Spicy Horse is trying to make a splash in the Action RPG genre with their new Free to Play ARPG: Akaneiro: Demon Hunters. Spicy Horse is owned by American McGee (of American McGee’s Alice fame) and he’s back to retelling classic stories. This time he’s re-imagining “Little Red Riding Hood” in Akaneiro: Demon Hunters. Does American McGee’s twisted mind have enough to bring an original ARPG to the table, or is it just as generic as the dozens of other Diablo clones?
Right out of the gate, Akaneiro separates itself from the countless other ARPGs with a unique setting and art style. Most ARPGs are set in a mythical fantasy land, Akaneiro is set much further east; all the way in feudal Japan. This is a nice and unique change, as the Japanese setting has yet to be utilized in the ARPG genre. The art style is very unique as well. Instead of the dark and gritty style that most ARPGs have, Akaneiro is psuedo cell-shaded. This gives it a look similar to Okami, and other feudal Japanese art. This really fits the setting well. Unfortunately, the technical side does not fare as well. The game feels very poorly optimized. It lags incredibly on a medium quality PC, even on the lowest settings. The game still looks good on low, it just doesn’t perform well at all. This is a huge issue in a genre where the player is expecting dozens of enemies on screen. Nothing is worse than having a choppy frame rate during a huge battle.

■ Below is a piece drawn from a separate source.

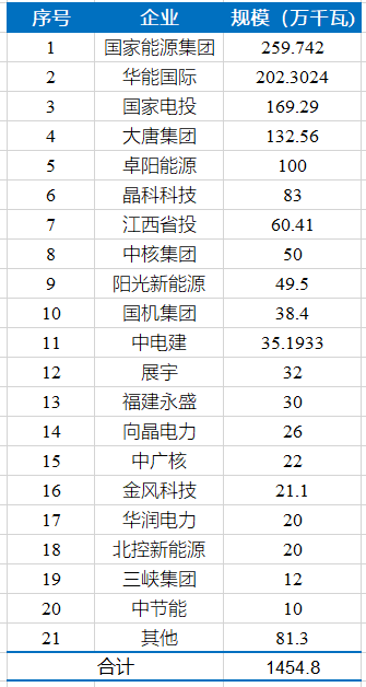 從投資企業(yè)來看,國(guó)家能源集團(tuán)及參股的項(xiàng)目的規(guī)模最大,約為2.6GW;華能及參股的項(xiàng)目的規(guī)模也超過2GW;國(guó)家電投、大唐、卓陽(yáng)能源均獲得1GW及以上規(guī)模。具體如下表所示。

Further fitting the Japanese theme, the soundtrack in Akaneiro mostly consists of flute and drum music that one would expect to hear in a Japanese ceremony. This really does set the mood for demon hunting across the lands of Japan. The combat sound effects are slightly above average, as the enemies don’t seem to spam the same sound when they die; which is a huge improvement in the ARPG genre. Unfortunately, the voice acting is very scarce which is a huge downside.
Gameplay and Controls
An ARPG can look and sound as great as it wants; but it’s appeal all hinges on how fun it is to play. Akaneiro tries to further set itself apart, by simplifying the genre and making it much more accessible. Unfortunately players who enjoy the genre, enjoy it for the complexity and diversity. In Akaneiro there are no skill trees, or tireless skill point allocation. There is no overworld to explore and fewer item slots to fill. This gives the game a distinct lack of depth, which is really disappointing. That being said, the gameplay that is there does function well. Despite being overly simplistic, it is quite fun to play. Clearing through each zone is fairly challenging, and with several different difficulties to fight through; there is a lot of fun to be had. This joy is quickly cut short when the player realizes that they must pay in game currency in order to gain new skills. This is very awkward and generally unfun to do. It breaks up the combat and just doesn’t fit well in a genre that is all about flow and momentum.
The biggest issue with Akaneiro’s gameplay doesn’t even show itself while in combat. In town, the player speaks to a man who brings up a map. From there, the player can choose what quest he wants to go down, and they’re then transported to said zone. However this action puts a cooldown on the zone, which can be expedited by spending Karma Crystals which are acquired by spending real life money. In a genre that prides itself on tireless grinding the same zone(s) over and over for that one piece of loot; any sort of gating is a horrible addition.
Control wise, the game functions closer to it’s archaic ancestor Diablo 2, than it’s new buddy Diablo 3. Instead of having the MOBA style QWER buttons to activate skills, the player has Left Click and Right Click to choose from, and they must cycle the skills via the tab key. This wasn’t an issue back in Diablo 2, but ARPG fans have become accustomed to the QWER style of key binding, and taking a step back is not favorable. Otherwise, the game’s controls are responsive and it’s pretty easy to control.
ARPGs are games that meant to be played for dozens and dozens of hours, all in search of that one piece of loot. Unfortunately the gating aspect of Akaneiro does put a damper on that goal. While Akaneiro sports 4 different difficulties for each zone, having to wait to replay the same zone kinda defeats the purpose of trying to clear all of the difficulties.
Another huge aspect of ARPGs is the multiplayer, being able to clear through hordes of enemies with a group of friends is great fun. Akaneiro has found a way to ruin that as well. Instead of a traditional multiplayer system, the player is able to take friends(or strangers) characters and make them an NPC pet that follows them around. This takes all of the camaraderie out of the game and makes the player feel even more alone.
Despite having a new and refreshing setting, the technical aspects Akaneiro: Demon Hunters ruin it. From poor graphics, to bad optimization the game doesn’t play well. The gameplay unfortunately doesn’t make up for it. With an uninspired skill system, gating preventing farming, and a complete lack of depth Akaneiro feels more of a shell of a game than an actual game. Despite being “Free to Play” the game still costs $9.99 on steam.